Heaven can wait
...but we struggle, especially when it rains. The most beautiful climb for us on the Presten, the Himmelen kan vente, turns out to be an adventure on granite when it rains.

Himmelen kan vente

11.08.2019 - According to the weather forecast (3 different ones!) it will stay cloudy until around 18:00, but there will be no rain. Best conditions for climbing a long and exhausting route. We get up early and set off to the Presten to tackle the route Himmelen kan vente (engl. Heaven can wait, N6+, UK: E3 5c, 9 pitches, Top 50). Due to the five N6+ pitches, this route is not as frequently climbed as the Vestpillaren Direct. However, exactly on this day there is already a rope team of two Finns in the route when we arrive at the starting point. The two young men are already struggling in the first pitches.

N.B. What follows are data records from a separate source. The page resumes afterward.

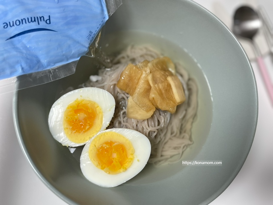 저는 냉면무를 해서 올려서 같이 먹었는데, 집에 열무김치가 있으면 같이 넣고 먹어도 어울릴 것 같아요.
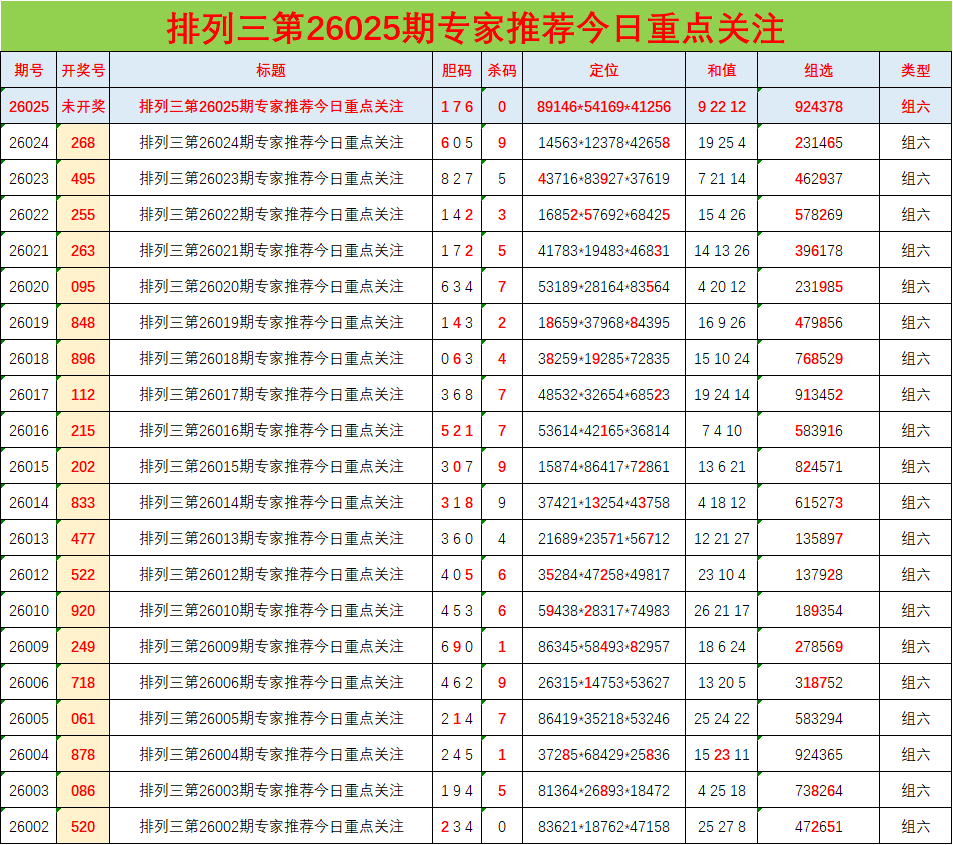 • 排列三26025期胆码预测分析 专家推荐176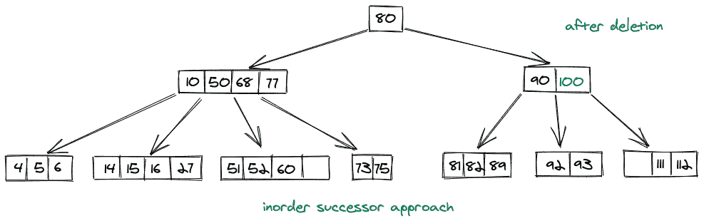 如果我们想删除一个存在于内部节点中的键,那么我们可以取这个键的顺序前置的值,或者如果取那个顺序前置违反了 B 树属性,我们可以取这个键的顺序后续。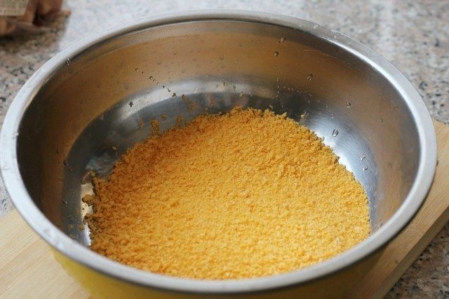 7. 沾满面包糠的鸡块放到不粘烤盘上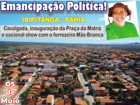 O ponto culminante dos festejos em homenagem a Ibipitanga, acontecerá com o show do mais renomado forrozeiro da Bahia e um dos melhores do Brasil, Edigar Mão Branca e banda Foguete, que celebrarão em alto estilo este importante momento da vida do município, que é referencia no que tange a boa administração municipal e dinamismo no desenvolvimento socio econômico.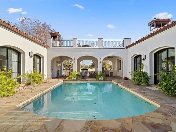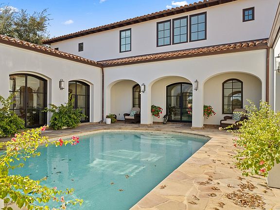 Stunning home in Prestigious Escondido located on the 4th fairway of the Tom Fazio Golf Course. This beautiful home is an entertainer's dream with outstanding indoor and outdoor spaces. The open floor plan kitchen/family room overlooks the fabulous courtyard pool and hot tub. There is also an outdoor kitchen and fireplace adjacent to the pool and a balcony deck above the pool area which gives breathtaking views of the hill country and golf course. There is room to expand for additional outdoor living space in the backyard. The kitchen has high-end appliances including a large gas cooktop. There is a separate formal dining room with plenty of room to entertain friends and family. The master bedroom is spacious with beautiful views of the courtyard pool. The master bath has a large soaking tub, a separate shower, double sinks, and a huge closet with built-ins and vanity. A beautiful bar with a wine room on the main level close to the half bathroom and door to the pool. Upstairs there are two more bedrooms, each with their baths & a family/game room between them. There is a 3 car garage, beautiful landscaping & circular drive. Gorgeous front door, stunning ceiling treatments throughout, and beautiful tile work in all the baths. This is a fabulous home for family and friends!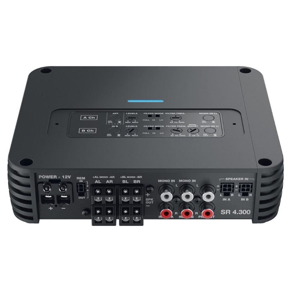 O AV quattro είναι ένας ενισχυτής τεσσάρων καναλιών που μπορεί να λειτουργήσει σε τέσσερα, τρία, δύο κανάλια, παρέχοντας συνολική ισχύ 1700 W (RMS). Έχει σχεδιαστεί για να χειρίζεται περίπλοκες διαμορφώσεις όπως εμπρός / πίσω και πολυκαναλικά συστήματα. Ο AMP (Processor Management Amplifier) ελέγχει συνεχώς το σύστημα κατάστασης λειτουργίας και επικοινωνεί με τον χρήστη μέσω 4 διαφορετικών χρωματιστών λυχνιών LED, που βρίσκονται στην επάνω επιφάνεια του πλαίσιου.Το ART (αυτόματη ενεργοποίηση/απενεργοποίηση απομακρυσμένου ελέγχου) ενεργοποιείτε όταν δεν υπάρχει διαθέσιμο απομακρυσμένο σήμα από την πηγή. έως 24 dB / Οκτ. οι διασταυρώσεις κλίσης επιτρέπουν την κατασκευή εμπρόσθιων οπίσθιων, εμπρόσθιων ή πολλαπλών ενισχυμένων συστημάτων, εξασφαλίζοντας παράλληλα ένα μη φιλτραρισμένο σήμα εξόδου για την επέκταση του συστήματος.
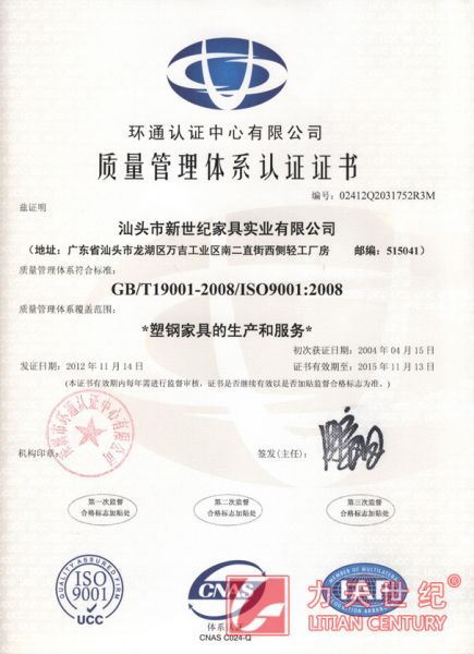 新世纪家具实业有限公司成立于2001年初,是一家从事专业开发和生产办公、会议、教学、宴会、剧院、候机(车)室、体育场馆、餐厅等多功能座椅,并集产品设计、生产、销售于一体的企业。在职员工600余人,占地68亩,综合厂房面积60,000平方米。工厂由大型注(吹)塑基地、五金生产基地、软包装生产基地组成,拥有资深专业技术和丰富管理经验的团队,长期为客户提供优质、高效的服务。 公司秉承“诚信为本,品质优先,从我做起,追求卓越”的经营理念,注重产品细节,勇于创新。多项产品获得国家专利,并于2004年通过了ISO9001:2000质量管理体系认证,拥有自营进出口经营权, 2008年为“北京奥运会”保质保量提供了20万套各款家具并获得“优秀供应商”殊荣。 新世纪公司的成长离不开广大客户的支持和厚爱,我们将注入更多的热情、更大的努力,与广大新...... [ 查看详情 ]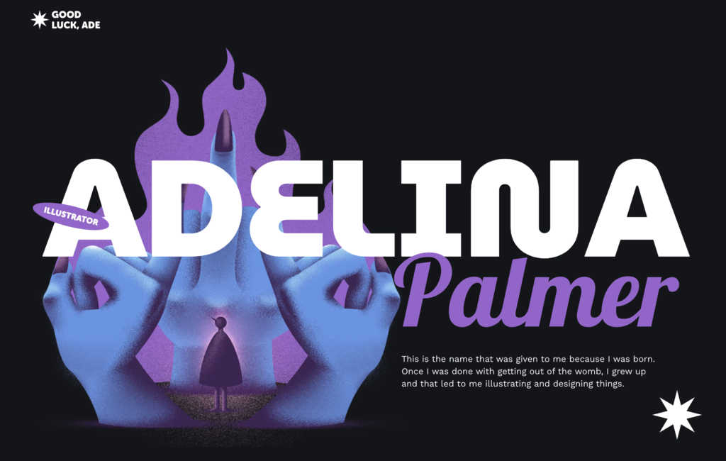 Ahora, veamos algunos ejemplos de portafolios de diseño gráfico creados con el Creador de páginas web de Hostinger.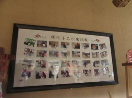 参观过程中,我们看到手工坊的展厅里不仅有各种手工制品,还有展示的过去老人结婚时穿的衣服,小孩的棉衣服和满月时穿的衣服,手工坊办公室的墙上展示的是老人剪纸的照片及一些剪纸作品。牛大姐说,老人才是我们的宝贝,老人做剪纸和手工艺,一做几十年,老人还能讲出剪纸反映的许多中国传统文化故事,即使她们现在学,肯定也学不全了。手工坊还组织了厨艺班、心灵手巧班。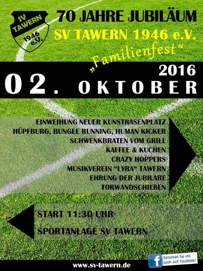 Die musikalische Umrahmung erfolgt durch den Musikverein "Lyra" Tawern. Pfarrer Bernhard Bollig übernimmt um 14 Uhr die Einsegnung des neuen Kunstrasens. Um 15 Uhr ertönt der Anpfiff des Meisterschaftsspiels der ersten Mannschaft in der Kreisliga B gegen die Spielvereinigung Trier. In der Halbzeit gibt es eine Tanzeinlage der "Crazy Hoppers Teens". Ab 17 Uhr messen sich die Vereine der Ortsgemeinde im Dorf-Torwandschießen.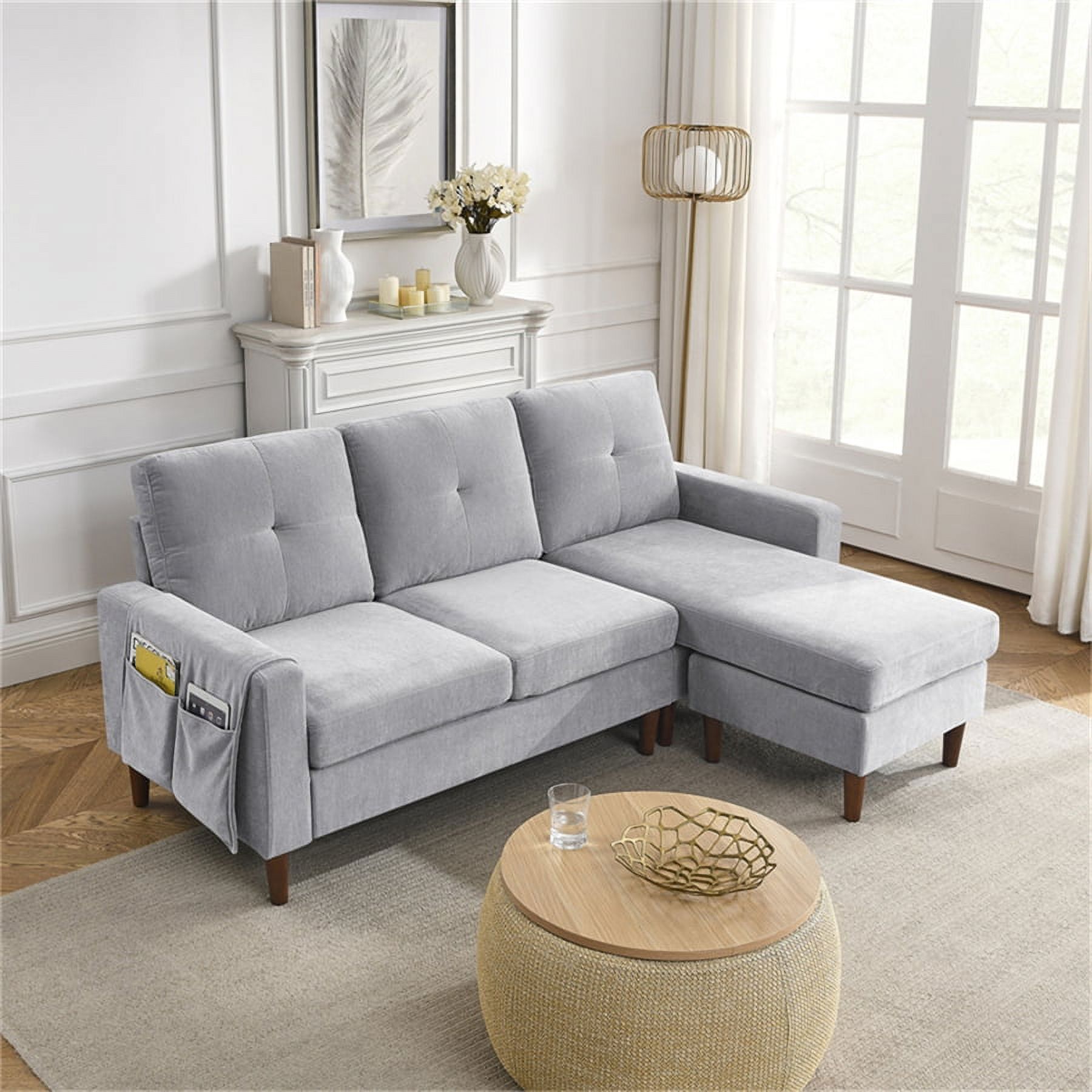 80" L-Shape Chenille Convertible Sectional Sofa Couch with Pocket and Rubber Wood Legs, 3 Seat Sofa with Removable Ottoman and Cushions, Perfect for Living Room, Aapartment, Small Space, Light Gray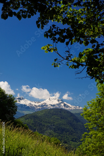 Panoramic view of lush green alpine landscape under a cloudy sky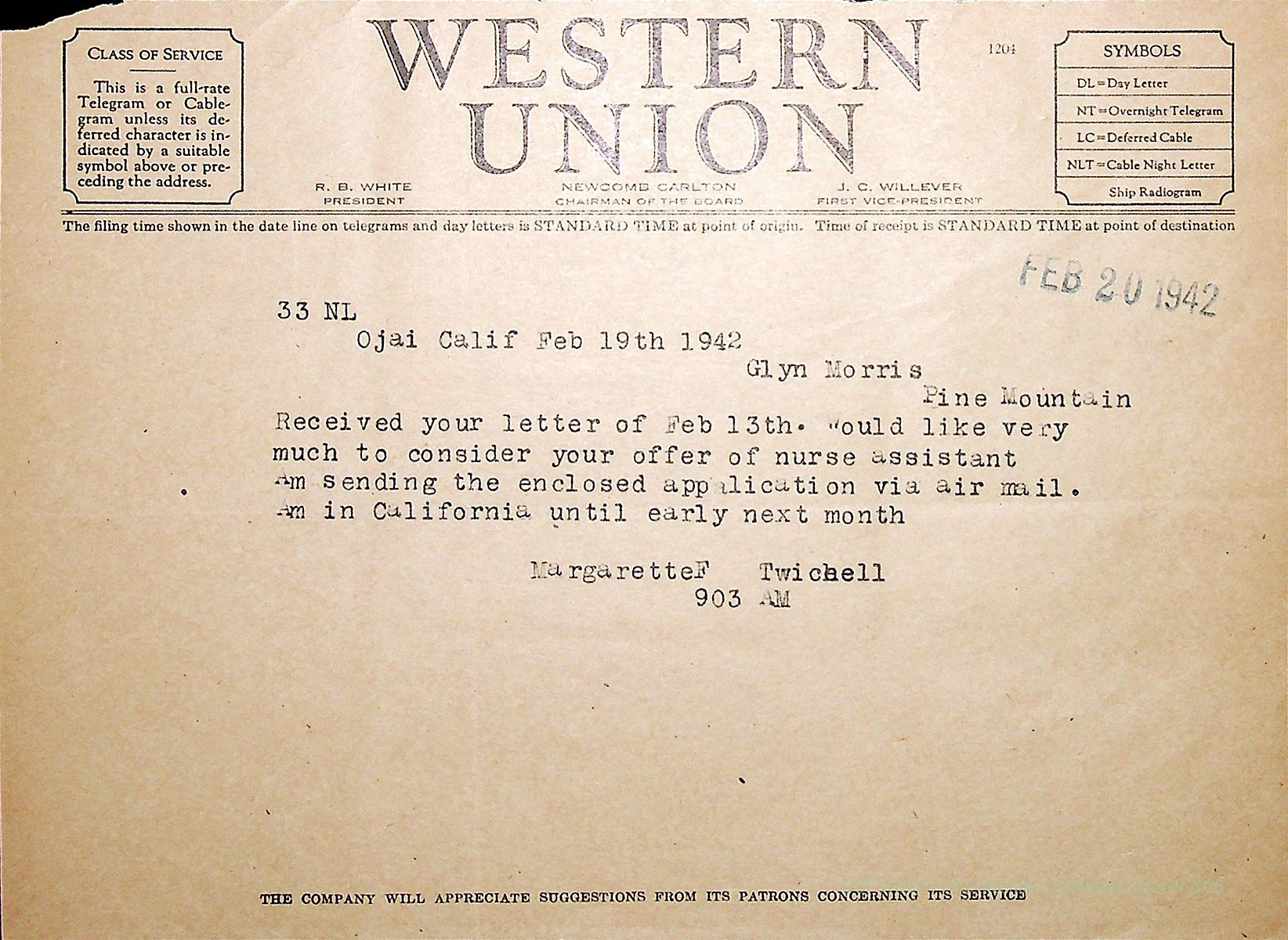 00015 (1) February 18, 1942. Western Union telegram to Glyn Morris from Margaret F. Twichell in Ojai, CA, who wishes to consider his offer of nurse assistant and is sending her application via air mail.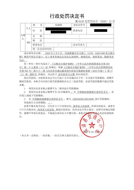 冀0128交罚罚决字〔2026〕12号行政处罚决定书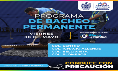 Ciudad de Chihuahua.- La Dirección de Obras Públicas, informa que este viernes se tendrán labores de bacheo en...
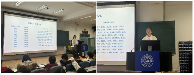大会第二部分由辅导员邹雨彤讲话。邹雨彤老师着重强调了同学们的学习情况,对如何珍惜、利用好985大学的平台资源作出指示,对寝室安全、心理健康、夜晚归寝等进行了日常提醒,最后对在寒假打卡活动中表现优异的阿里米热·亚森江等61名同学进行公开表扬和发放礼品奖励。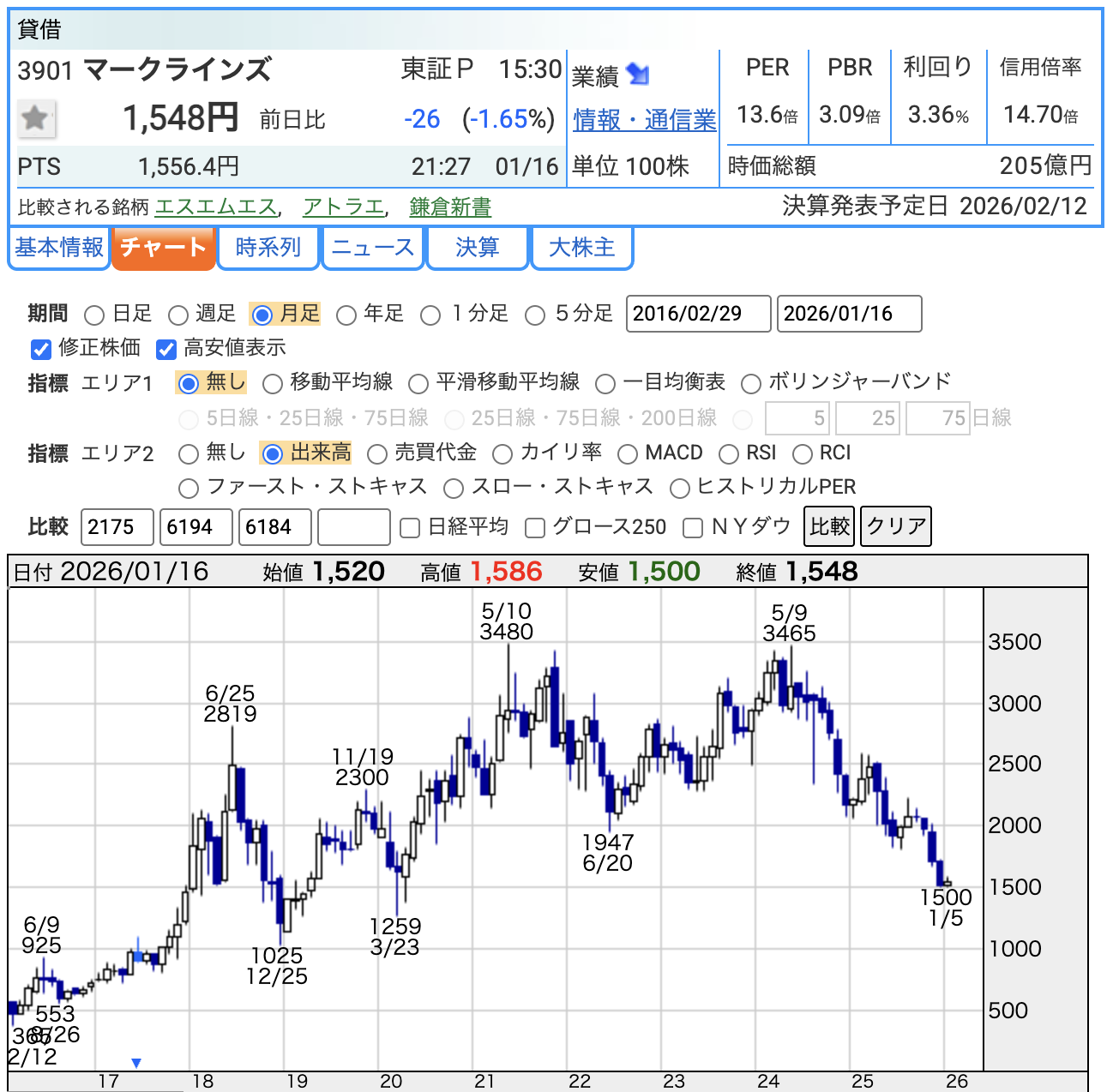 添付資料のチャート(2026/01/16時点)と、修正後の通期予想利益に基づいた市場評価を詳細に解説します。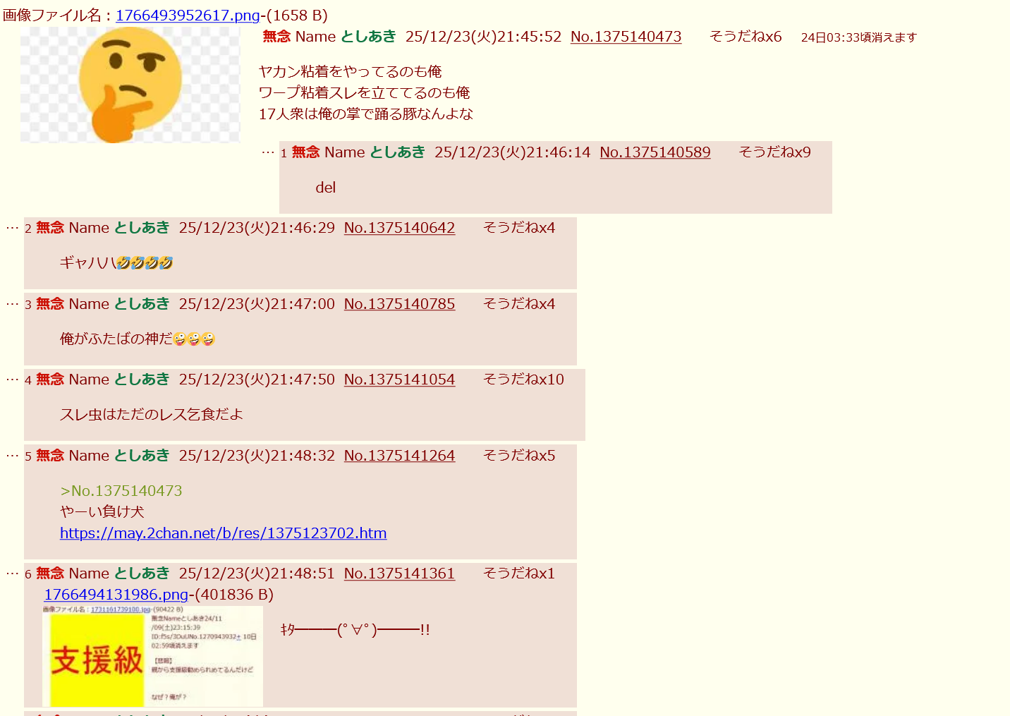 | … | 274無念Nameとしあき26/03/07(土)18:56:07No.1392248259+ソンキくんしつこいよね |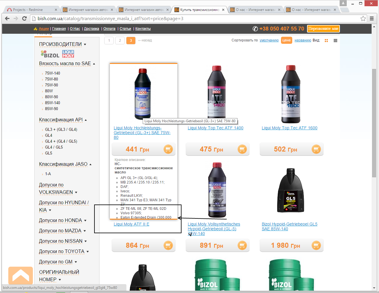 1. Заходим на http://bish.com.ua/catalog/transmissionnye_masla_i_atf?sort=price&page=3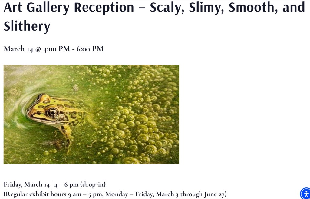 The North Branch Nature Center is having an Amphibian art exhibit. There will be an opening tomorrow (March 14). It will be fun to see amphibian art in all different media even if you’re not into frogs the way I am.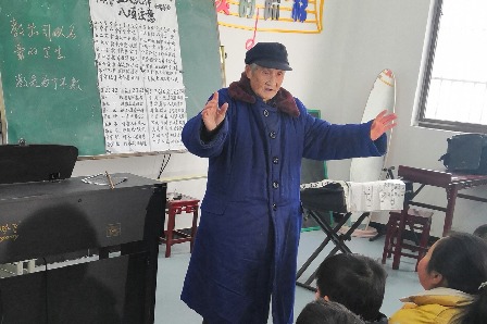 “遵守紀(jì)律人人要自覺,互相監(jiān)督切莫違反了,革命紀(jì)律條條要記清,人民戰(zhàn)士處處愛人民。”在定遠(yuǎn)縣朱灣小學(xué)的音樂教室里,一群孩子正在聚精會神地上音樂課,黑板中央掛著用毛筆抄寫的《三大紀(jì)律八項(xiàng)注意》的曲譜和歌詞。這是已經(jīng)91歲高齡的嚴(yán)明友老師的課堂,他對孩子們說道:“我們今天學(xué)的不是一首普通的歌曲,它能教我們做人的道理。希望你們學(xué)會這首歌的同時(shí),也能繼承這種優(yōu)良的革命傳統(tǒng),做一個(gè)懂紀(jì)律、守規(guī)矩的有用之才。”在嚴(yán)老師的課堂里出現(xiàn)最多的就是革命歌曲,而這些鏗鏘有力的曲調(diào)也總能讓他回憶起過去的軍旅時(shí)光。

Therefore, we grant them more than an hour’s lead before we get going.

It is stated that the Himmelen kan vente is exhausting and N6+ is close to my limit. With a queasy feeling I start climbing. The second pitch is already a N6+ with an offwidth crack which Sigi cannot protect because he lacks the proper gear. Sigi climbs very precisely and concentrated because he knows that falling is not an option. I simply start climbing. Step by step, hold by hold. I make good progress and especially the crack climbing gloves are paying off now. As we get higher and higher, my confidence increases and I can really enjoy the climb. Unfortunately, we catch up with the Finns on the last pitches and have to take another longer break. It is not even 17:00, however, the rain sets in. At first it is a light drizzle but it gets stronger and stronger.

What are we going to do? Wait and hope for the rain to stop, or try to keep going as fast as possible? We climb on. The granite is getting more and more slippery. We are glad that we have already passed the slab which would not be climbable any longer. However, we can still move along the cracks. Our feet slip easily and we get out of balance several times, but we can hold on with our hands. Under these conditions Sigi demonstrates more than just a little courage as he climbs the last two N6+ pitches. Due to the wet granite these are much harder. In addition, they are partly overhanging and further up the route finding becomes quite tricky. A large loose flake does not make things any easier. Sigi does not touch it at all for safety reasons. However, I hope for some luck, put my weight on it and swing my legs from one side to the other. At this moment I am happy about the pull-up training. Almost at the top, the rain stops and the granite dries up rather quickly. But it remains slippery. Sigi and I can both free climb the Himmelen kan vente. We are proud and very happy about this climb. Two N6+ pitches in rain, what a thrill.

Since it has stopped raining, we take a small detour to the top of the Festvågtinden (541 m) on our descent. The view from this peak over the surrounding area and Henningsvær is stunning. It is very popular among tourists because there is a hiking trail leading up to the summit. We pass a few young men wearing sneakers and holding a beer can on their way down. One of them is even having a video chat with his girlfriend as he walks down the steep and slippery path. It is a miracle that accidents do not happen more often.

Lessons learned

  • From our past experiences and the stories of other rope teams we conclude that we are climbing quite fast.
  • Even the most beautiful climb is a bit spoiled by clouds, wind and rain.
  • Some people have more luck than sense.